#### Exercise input

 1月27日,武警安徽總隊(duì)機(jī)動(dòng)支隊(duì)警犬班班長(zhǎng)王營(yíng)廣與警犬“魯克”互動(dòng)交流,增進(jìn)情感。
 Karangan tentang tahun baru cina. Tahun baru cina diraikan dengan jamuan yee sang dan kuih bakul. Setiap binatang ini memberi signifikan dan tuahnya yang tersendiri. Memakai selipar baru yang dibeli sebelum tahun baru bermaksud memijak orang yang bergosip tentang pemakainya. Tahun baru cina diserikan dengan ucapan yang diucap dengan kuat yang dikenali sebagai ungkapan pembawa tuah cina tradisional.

########
#### Exercise input

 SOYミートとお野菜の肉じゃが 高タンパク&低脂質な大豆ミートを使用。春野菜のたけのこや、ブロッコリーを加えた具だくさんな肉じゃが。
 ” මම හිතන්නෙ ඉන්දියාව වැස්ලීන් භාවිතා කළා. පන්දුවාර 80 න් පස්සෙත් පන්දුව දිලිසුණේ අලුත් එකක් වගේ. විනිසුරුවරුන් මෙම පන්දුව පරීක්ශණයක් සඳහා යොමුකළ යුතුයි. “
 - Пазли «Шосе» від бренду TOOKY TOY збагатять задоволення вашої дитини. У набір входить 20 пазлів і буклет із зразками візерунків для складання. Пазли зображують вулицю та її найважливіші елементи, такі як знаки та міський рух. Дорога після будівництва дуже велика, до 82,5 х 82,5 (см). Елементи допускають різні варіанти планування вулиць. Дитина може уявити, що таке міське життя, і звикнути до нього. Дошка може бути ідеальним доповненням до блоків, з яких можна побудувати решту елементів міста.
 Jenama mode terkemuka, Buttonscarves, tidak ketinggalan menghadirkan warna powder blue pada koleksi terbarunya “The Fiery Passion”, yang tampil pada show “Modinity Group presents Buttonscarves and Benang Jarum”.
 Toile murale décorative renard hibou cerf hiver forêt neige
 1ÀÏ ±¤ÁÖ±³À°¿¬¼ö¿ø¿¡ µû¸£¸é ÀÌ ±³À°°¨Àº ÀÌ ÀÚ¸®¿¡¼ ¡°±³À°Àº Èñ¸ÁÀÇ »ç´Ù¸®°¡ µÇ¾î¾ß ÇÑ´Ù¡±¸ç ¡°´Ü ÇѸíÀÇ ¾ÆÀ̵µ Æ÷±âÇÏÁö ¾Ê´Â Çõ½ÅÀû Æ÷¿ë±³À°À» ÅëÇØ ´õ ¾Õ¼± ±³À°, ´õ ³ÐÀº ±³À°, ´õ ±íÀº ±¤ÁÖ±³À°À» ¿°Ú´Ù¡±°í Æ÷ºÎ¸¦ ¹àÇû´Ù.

########
#### Exercise input

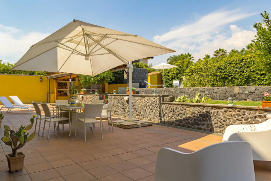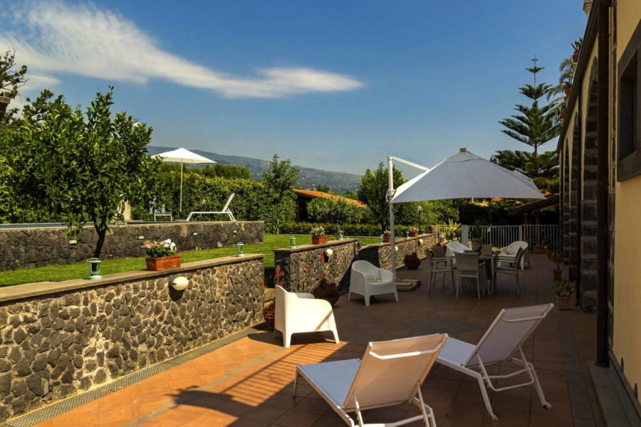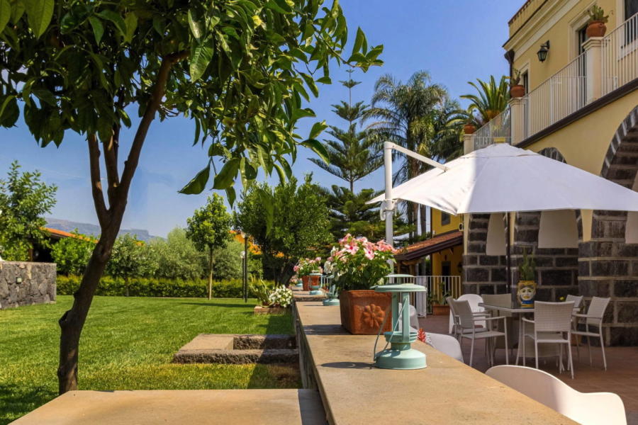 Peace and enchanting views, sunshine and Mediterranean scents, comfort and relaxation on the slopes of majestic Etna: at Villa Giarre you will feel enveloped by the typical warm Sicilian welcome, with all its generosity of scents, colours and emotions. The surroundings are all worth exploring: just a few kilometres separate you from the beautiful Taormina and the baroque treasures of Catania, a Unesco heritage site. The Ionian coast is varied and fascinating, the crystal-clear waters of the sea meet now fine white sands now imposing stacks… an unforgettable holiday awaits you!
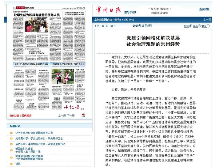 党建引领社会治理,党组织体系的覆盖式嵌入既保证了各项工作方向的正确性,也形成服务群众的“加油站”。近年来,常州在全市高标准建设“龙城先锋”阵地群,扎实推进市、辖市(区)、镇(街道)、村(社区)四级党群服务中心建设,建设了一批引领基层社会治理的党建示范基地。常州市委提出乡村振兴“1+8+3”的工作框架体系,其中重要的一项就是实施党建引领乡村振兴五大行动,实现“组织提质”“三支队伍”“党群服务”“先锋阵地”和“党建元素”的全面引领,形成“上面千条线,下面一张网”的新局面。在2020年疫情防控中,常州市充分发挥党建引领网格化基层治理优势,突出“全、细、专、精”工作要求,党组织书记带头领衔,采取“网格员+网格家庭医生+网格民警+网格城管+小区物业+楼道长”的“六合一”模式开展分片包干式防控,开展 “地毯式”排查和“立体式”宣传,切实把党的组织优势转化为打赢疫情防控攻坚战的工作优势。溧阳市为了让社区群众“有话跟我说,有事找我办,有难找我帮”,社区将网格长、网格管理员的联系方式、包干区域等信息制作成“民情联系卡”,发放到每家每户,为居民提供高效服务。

########

▸ **Exercise requirements**
What is needed is an exact copy of the lines above, from the one containing "1月27日,武警安徽總隊(d" through the one containing "Karangan tentang tahun", with nothing added.

▸ **Result**
 1月27日,武警安徽總隊(duì)機(jī)動(dòng)支隊(duì)警犬班班長(zhǎng)王營(yíng)廣與警犬“魯克”互動(dòng)交流,增進(jìn)情感。
 Karangan tentang tahun baru cina. Tahun baru cina diraikan dengan jamuan yee sang dan kuih bakul. Setiap binatang ini memberi signifikan dan tuahnya yang tersendiri. Memakai selipar baru yang dibeli sebelum tahun baru bermaksud memijak orang yang bergosip tentang pemakainya. Tahun baru cina diserikan dengan ucapan yang diucap dengan kuat yang dikenali sebagai ungkapan pembawa tuah cina tradisional.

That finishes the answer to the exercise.